Evaluating Segmentation Quality
The standard metric for semantic segmentation is mean Intersection over Union (mIoU), averaged across classes. For each class:
IoU = TP / (TP + FP + FN)
Where TP, FP, and FN are true positives, false positives, and false negatives counted over all points. Averaging IoU across the 13 classes gives mIoU, which handles class imbalance far better than raw point accuracy, since common classes like floor and ceiling would otherwise dominate.
def compute_iou(preds, labels, num_classes):
ious = []
preds = preds.reshape(-1)
labels = labels.reshape(-1)
for c in range(num_classes):
pred_c = preds == c
label_c = labels == c
intersection = (pred_c & label_c).sum().item()
union = (pred_c | label_c).sum().item()
if union > 0:
ious.append(intersection / union)
return sum(ious) / len(ious) if ious else 0.0
Practical Tips and Limitations
- Normalize coordinates per block (center and scale) so the network sees consistent ranges.
- Data augmentation helps a lot: random rotation around the vertical axis, jitter, and random scaling.
- Class imbalance: consider weighted cross-entropy when rare classes (like clutter or board) underperform.
- Performance: the reference FPS and ball-query code above is
O(N^2)and fine for teaching, but use optimized libraries for real workloads. - Beyond PointNet++: newer architectures such as KPConv, Point Transformer, and sparse-convolution networks like MinkowskiNet push accuracy higher, but PointNet++ remains the clearest entry point for understanding point-based learning.
Conclusion
PointNet++ elegantly extends the permutation-invariant insight of PointNet into a hierarchical, local-to-global feature learner that works directly on raw point clouds.
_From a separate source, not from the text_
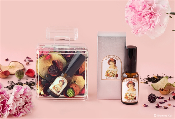 表参道・Q-pot CAFE.(キューポット)とフレグランスメゾン『5W1H』がコラボレーション。優雅でフルーティーな味わいが愉しめるQ-pot CAFE.オリジナル紅茶「flower garden」から着想した、フルーティーでフローラルなオードトワレが誕生。Q-pot. ONLINE SHOP限定で2022年4月23日(土)より発売。

For semantic segmentation, its encoder-decoder design with Set Abstraction and Feature Propagation produces a label for every point while respecting the irregular, unordered nature of 3D data. By implementing sampling, grouping, and propagation from scratch in PyTorch, you gain an intuition that transfers to virtually every modern point-based architecture. Whether you are parsing indoor scenes with S3DIS, classifying LiDAR sweeps, or building robotic perception systems, PointNet++ is an essential and approachable foundation for deep learning on 3D point clouds.